Given data -
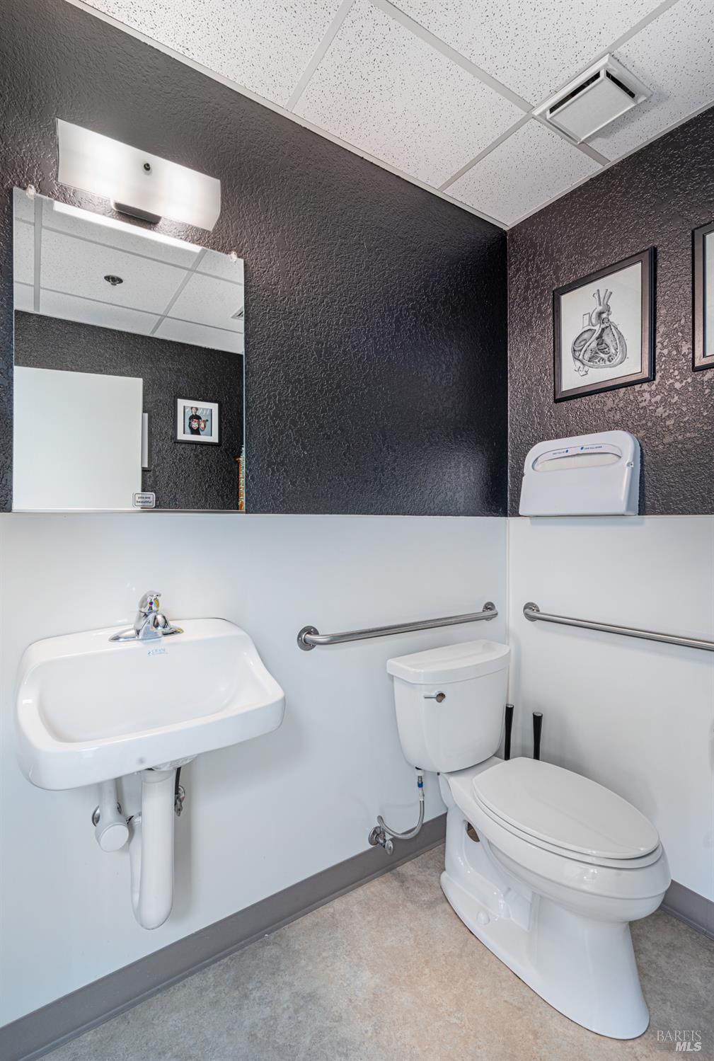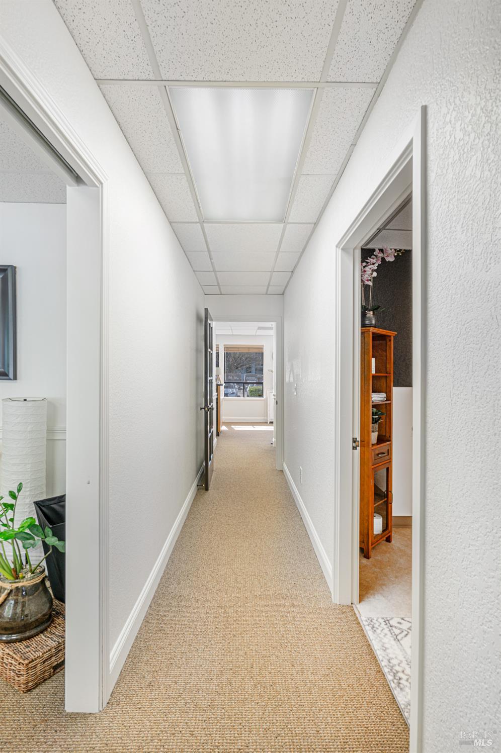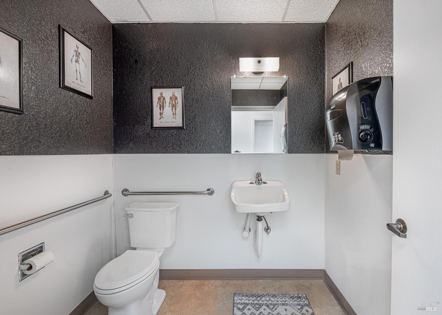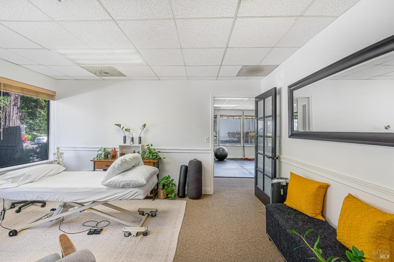 Well-designed and highly versatile commercial space offering a modern, turnkey buildout ideally suited for a wide variety of medical uses or professional office use. Located in the highly desirable Wikiup Professional / Larkfield corridor, the property benefits from a peaceful, professional setting with convenient access to Highway 101, Windsor, and the Sonoma County Airport area. The space features a welcoming reception area with a custom front desk, creating a polished first impression for clients and guests. Large windows line the perimeter, filling the interior with abundant natural light and enhancing the bright, open atmosphere throughout. The flexible floor plan includes a spacious open studio area, well-suited for fitness training and a variety of medical wellness-based uses. Additional features include three private rooms, two bathrooms, and a kitchenette, providing excellent functionality. Thoughtful finishes and an efficient layout make this a true turnkey opportunity for users seeking a professional, client-ready environment. The surrounding Wikiup business park is home to a mix of professional offices, medical and wellness practices, creating a strong, established commercial environment with consistent daytime activity and a well-balanced professional tenant base.
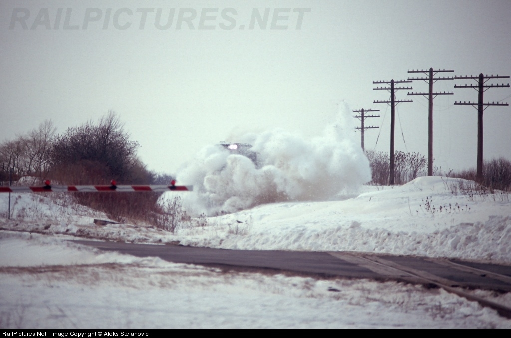 R320 plowing through a cut partially filled in from a recent snow storm. Cut was approx. 15 to 20 cars long and the snow you see out front of the lead unit was about the same depth through the entire cut. Train consist was CSX 7500 - CSX 7820 with 61 cars and caboose 904121. Time was 15:50
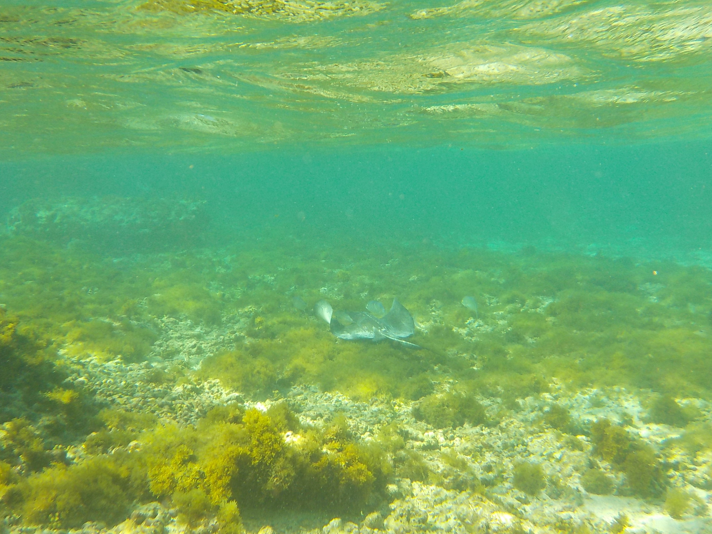 Une raie qui zone avec sa suite de poissons
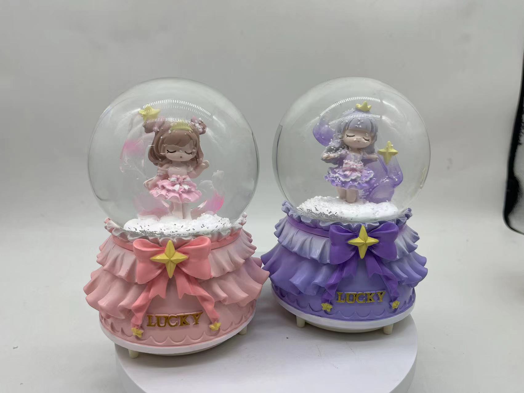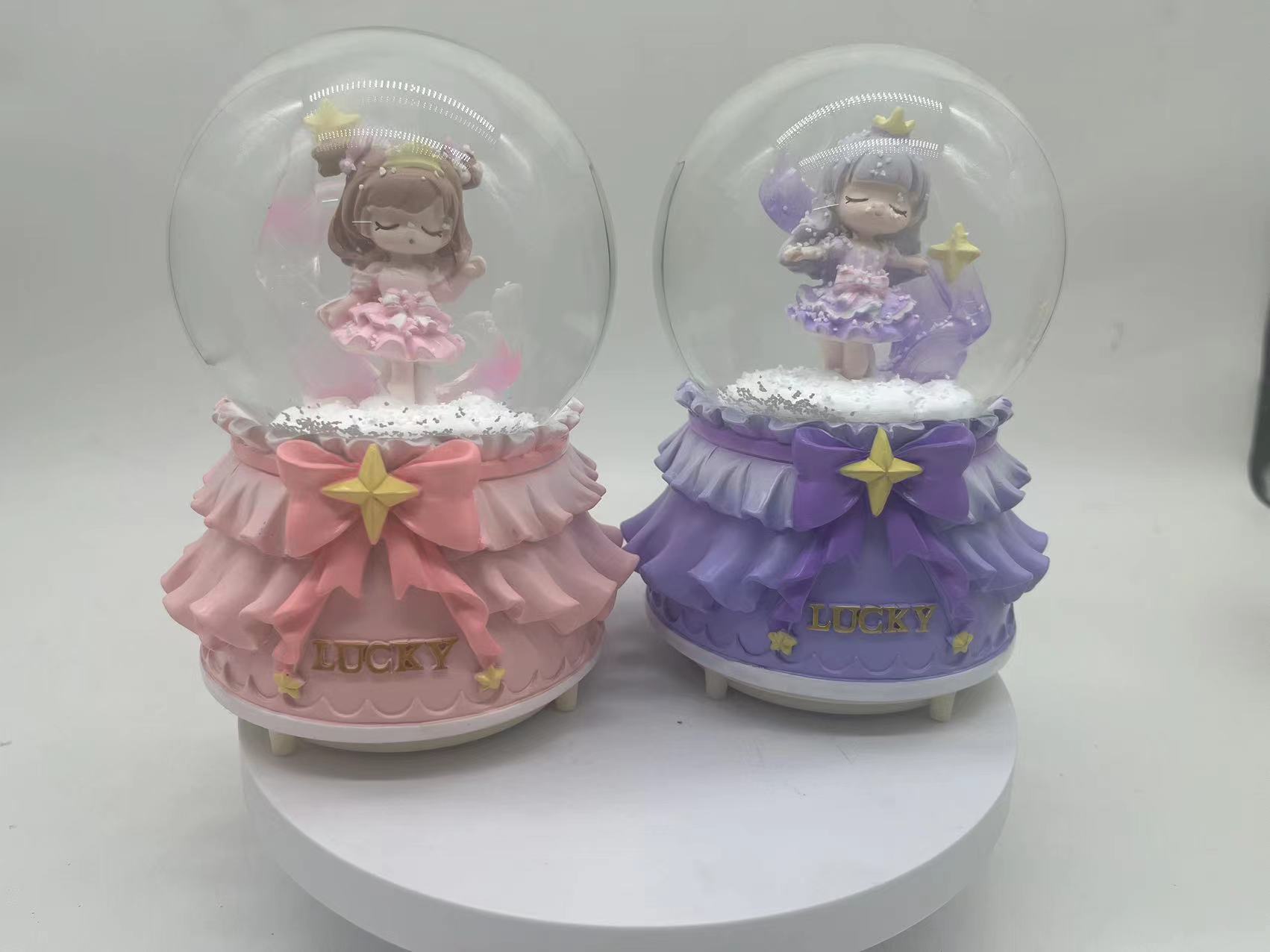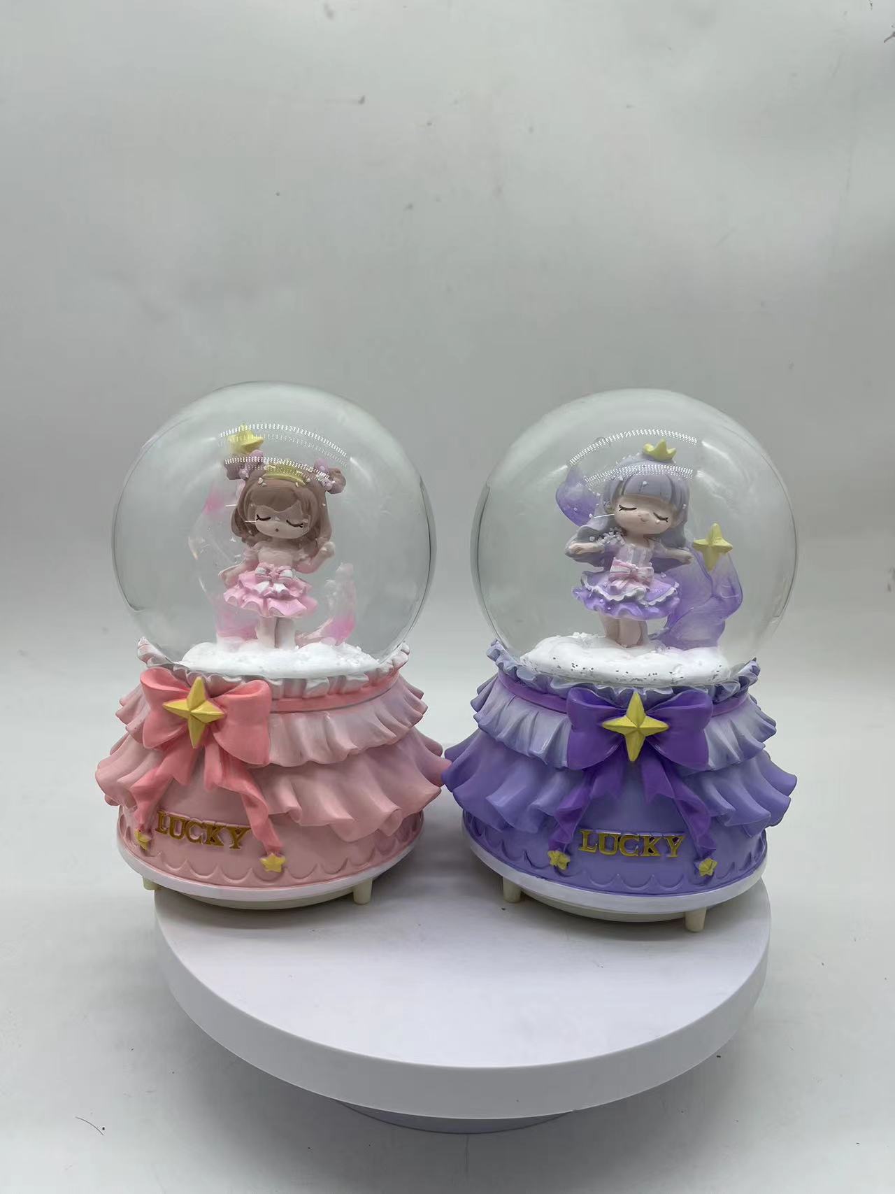 Bola de cristal luminosa de dibujos animados creativa para niña, decoración de escritorio, bola de agua con música de nieve, decoración del hogar, artesanía de resina
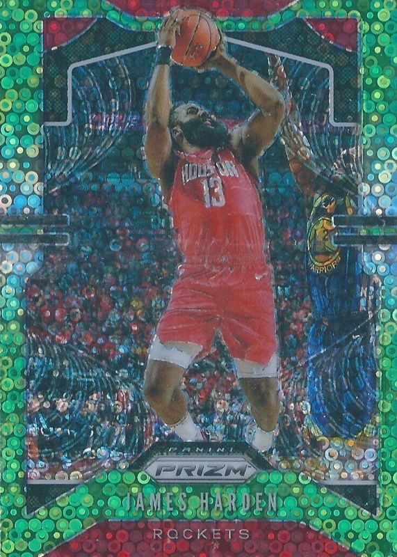 This card is 1 of 46 James Harden's card variations in the 2019 Prizm set being tracked by Sports Card Investor, including Base, Choice Blue Yellow Green, Fanatics Green Ice, FOTL Blue Shimmer, and Green.
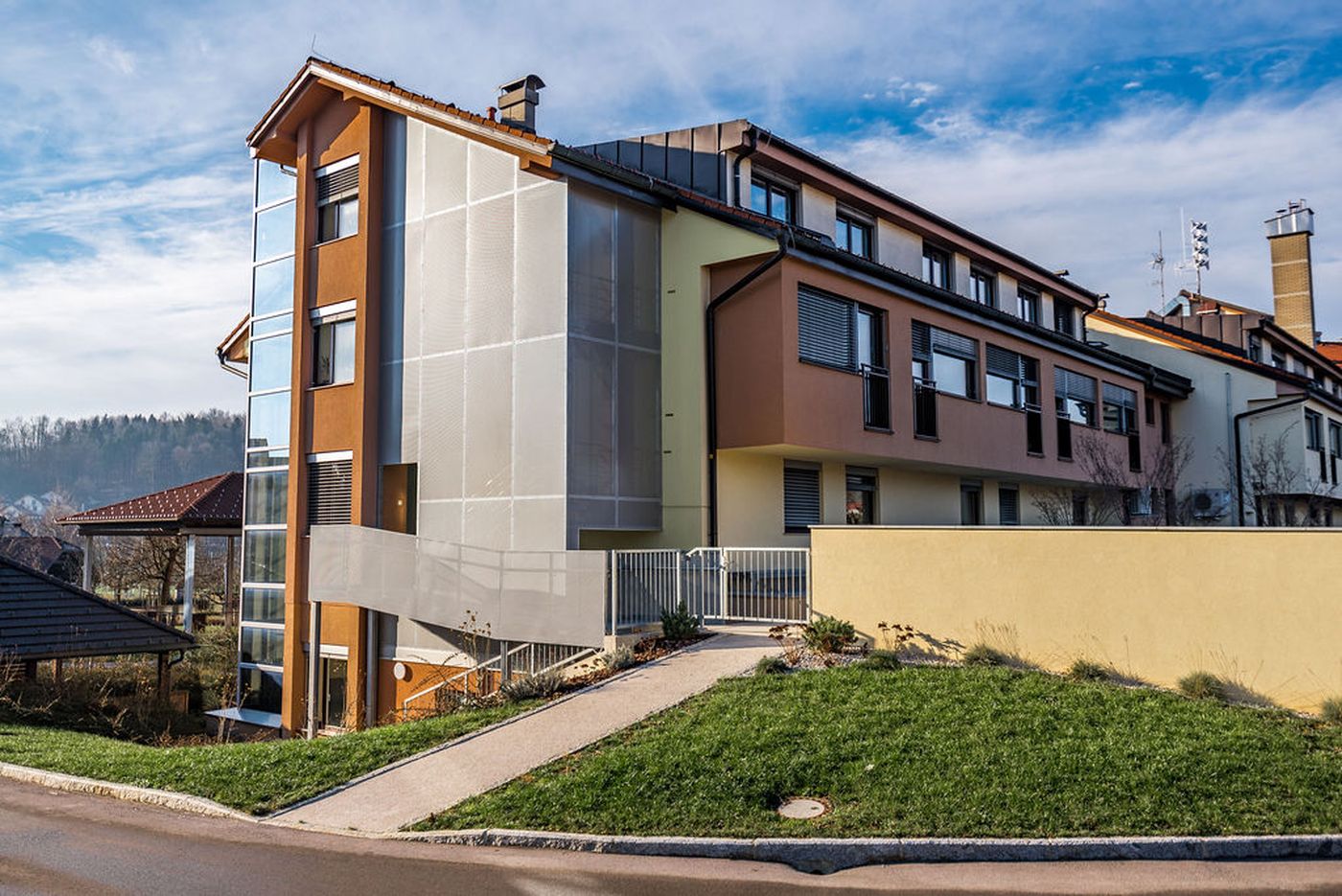 Za izvedbo celovitega fasadnega ovoja dobavimo in montiramo tudi pripadajoče nosilno ogrodje, zaključne kleparske elemente, stavbno pohištvo …
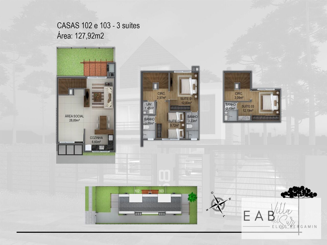 3 Dormitórios, sendo 3 suítesGaragens
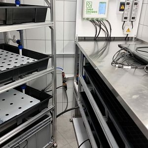 В этой небольшой лаборатории один прибор OverGrower управляет выращиванием сразу в двух зонах одновременно - проращивание семян и выгонка до стадии рассады и доращивание растений до технической зрелости.
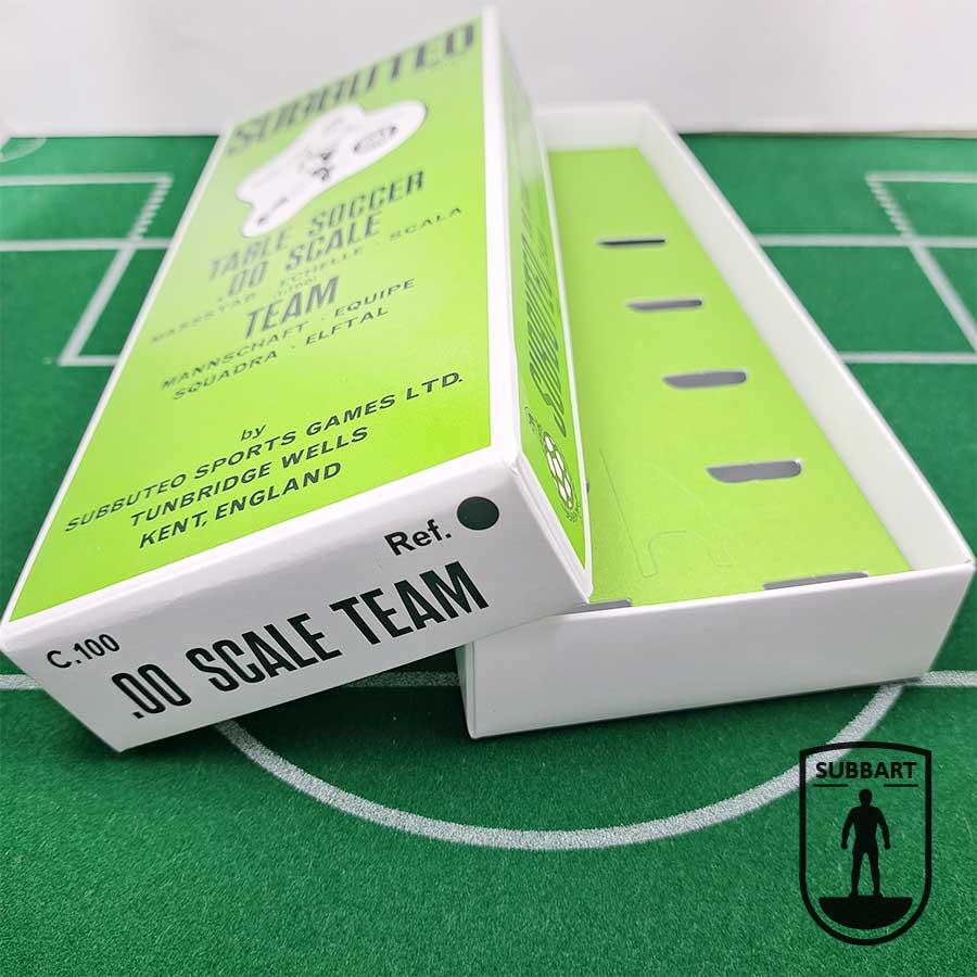 Con il suo colore verde acceso, il logo classico e la scritta “TABLE SOCCER 00 SCALE TEAM”, è diventata un simbolo del Subbuteo d’epoca, capace di evocare ricordi e partite indimenticabili.
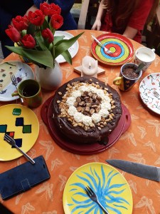 Und ab geht es zum Sonntags-Frühstück! Wir freuen uns alle auf die Torte… Mehr als ein Stück, schafft allerdings keiner. Ideal wäre eine so reichhaltige Torte für eine große Geburtstagsparty, bei der jeder ein kleines „Probiererl“ nimmt, und damit glücklich ist. Aber in diesen Zeiten… wandert die Hälfte der Torte erst einmal in die Gefriertruhe. Aber schon am Nachmittag wird sie an Nachbarn verteilt, weil alleine unsere Erzählungen so begeisterten, dass die Spaziergänger sich gerne ein Stück mit nach Hause nahmen.
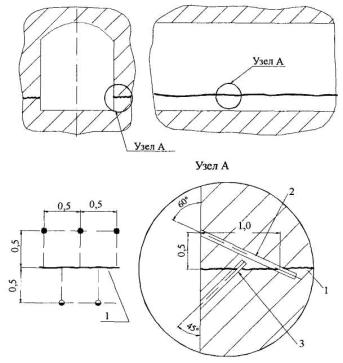 - трещина; 2, Размеры в метрах Рисунок Л.3.6 - Уплотнение трещин стен галереи инъекцией
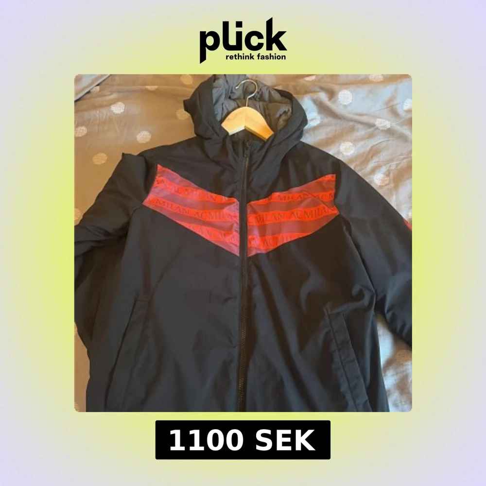 Svart vindjacka från AC Milan med röda detaljer och logga på ärmen. Jackan har huva, hel dragkedja och röda ränder med AC Milan-tryck över bröstet. Insidan har svart-röda ränder. Perfekt för dig som gillar fotboll och vill ha en sportig stil.
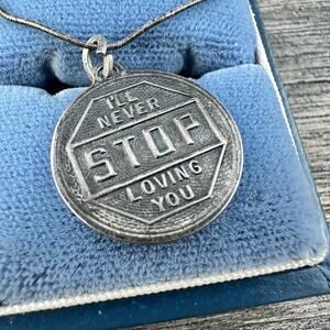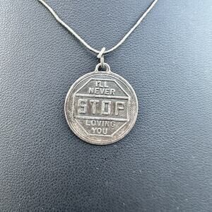 Sterling silver pendant necklace etched with “I’ll Never Stop Loving You” in bold stop-sign lettering. The piece carries a deep patina, giving it a moody, timeworn aura. Chain measures 16” with a 0.75” pendant. A rare vintage token of love and obsession— equal parts romantic and gothic.
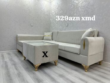 Künc divan dəsti - Model: L formalı künc divan, müasir klassik dizayn - Ölçü: standart künc ölçülü (fotolardakı kimi L istiqaməti dəyişdirilə bilər) - Material: yumşaq parça/velur tipli üzlük, dek...
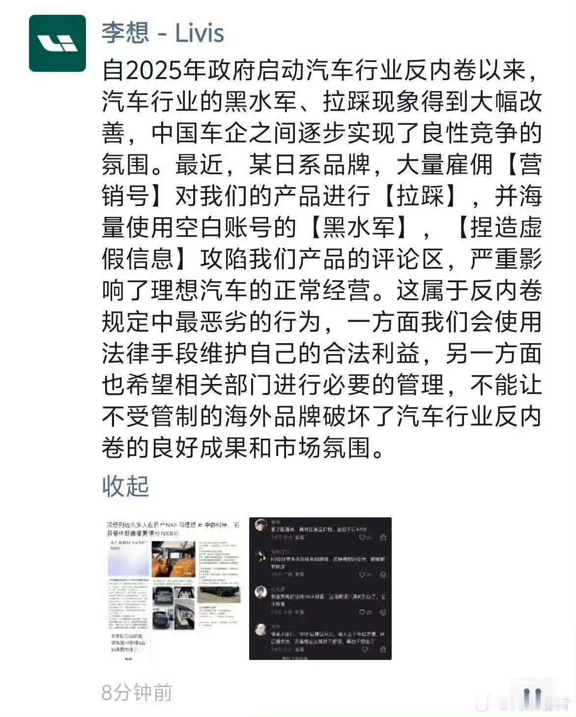 理想汽车就被拉踩对比报案李想称存在有组织的违法犯罪行为 绝大部分人没看懂,其实李

What this task involves -
Word for word, print the material above, but without its pictures.

Solution -
 Well-designed and highly versatile commercial space offering a modern, turnkey buildout ideally suited for a wide variety of medical uses or professional office use. Located in the highly desirable Wikiup Professional / Larkfield corridor, the property benefits from a peaceful, professional setting with convenient access to Highway 101, Windsor, and the Sonoma County Airport area. The space features a welcoming reception area with a custom front desk, creating a polished first impression for clients and guests. Large windows line the perimeter, filling the interior with abundant natural light and enhancing the bright, open atmosphere throughout. The flexible floor plan includes a spacious open studio area, well-suited for fitness training and a variety of medical wellness-based uses. Additional features include three private rooms, two bathrooms, and a kitchenette, providing excellent functionality. Thoughtful finishes and an efficient layout make this a true turnkey opportunity for users seeking a professional, client-ready environment. The surrounding Wikiup business park is home to a mix of professional offices, medical and wellness practices, creating a strong, established commercial environment with consistent daytime activity and a well-balanced professional tenant base.
 R320 plowing through a cut partially filled in from a recent snow storm. Cut was approx. 15 to 20 cars long and the snow you see out front of the lead unit was about the same depth through the entire cut. Train consist was CSX 7500 - CSX 7820 with 61 cars and caboose 904121. Time was 15:50
 Une raie qui zone avec sa suite de poissons
 Bola de cristal luminosa de dibujos animados creativa para niña, decoración de escritorio, bola de agua con música de nieve, decoración del hogar, artesanía de resina
 This card is 1 of 46 James Harden's card variations in the 2019 Prizm set being tracked by Sports Card Investor, including Base, Choice Blue Yellow Green, Fanatics Green Ice, FOTL Blue Shimmer, and Green.
 Za izvedbo celovitega fasadnega ovoja dobavimo in montiramo tudi pripadajoče nosilno ogrodje, zaključne kleparske elemente, stavbno pohištvo …
 3 Dormitórios, sendo 3 suítesGaragens
 В этой небольшой лаборатории один прибор OverGrower управляет выращиванием сразу в двух зонах одновременно - проращивание семян и выгонка до стадии рассады и доращивание растений до технической зрелости.
 Con il suo colore verde acceso, il logo classico e la scritta “TABLE SOCCER 00 SCALE TEAM”, è diventata un simbolo del Subbuteo d’epoca, capace di evocare ricordi e partite indimenticabili.
 Und ab geht es zum Sonntags-Frühstück! Wir freuen uns alle auf die Torte… Mehr als ein Stück, schafft allerdings keiner. Ideal wäre eine so reichhaltige Torte für eine große Geburtstagsparty, bei der jeder ein kleines „Probiererl“ nimmt, und damit glücklich ist. Aber in diesen Zeiten… wandert die Hälfte der Torte erst einmal in die Gefriertruhe. Aber schon am Nachmittag wird sie an Nachbarn verteilt, weil alleine unsere Erzählungen so begeisterten, dass die Spaziergänger sich gerne ein Stück mit nach Hause nahmen.
 - трещина; 2, Размеры в метрах Рисунок Л.3.6 - Уплотнение трещин стен галереи инъекцией
 Svart vindjacka från AC Milan med röda detaljer och logga på ärmen. Jackan har huva, hel dragkedja och röda ränder med AC Milan-tryck över bröstet. Insidan har svart-röda ränder. Perfekt för dig som gillar fotboll och vill ha en sportig stil.
 Sterling silver pendant necklace etched with “I’ll Never Stop Loving You” in bold stop-sign lettering. The piece carries a deep patina, giving it a moody, timeworn aura. Chain measures 16” with a 0.75” pendant. A rare vintage token of love and obsession— equal parts romantic and gothic.
 Künc divan dəsti - Model: L formalı künc divan, müasir klassik dizayn - Ölçü: standart künc ölçülü (fotolardakı kimi L istiqaməti dəyişdirilə bilər) - Material: yumşaq parça/velur tipli üzlük, dek...
 理想汽车就被拉踩对比报案李想称存在有组织的违法犯罪行为 绝大部分人没看懂,其实李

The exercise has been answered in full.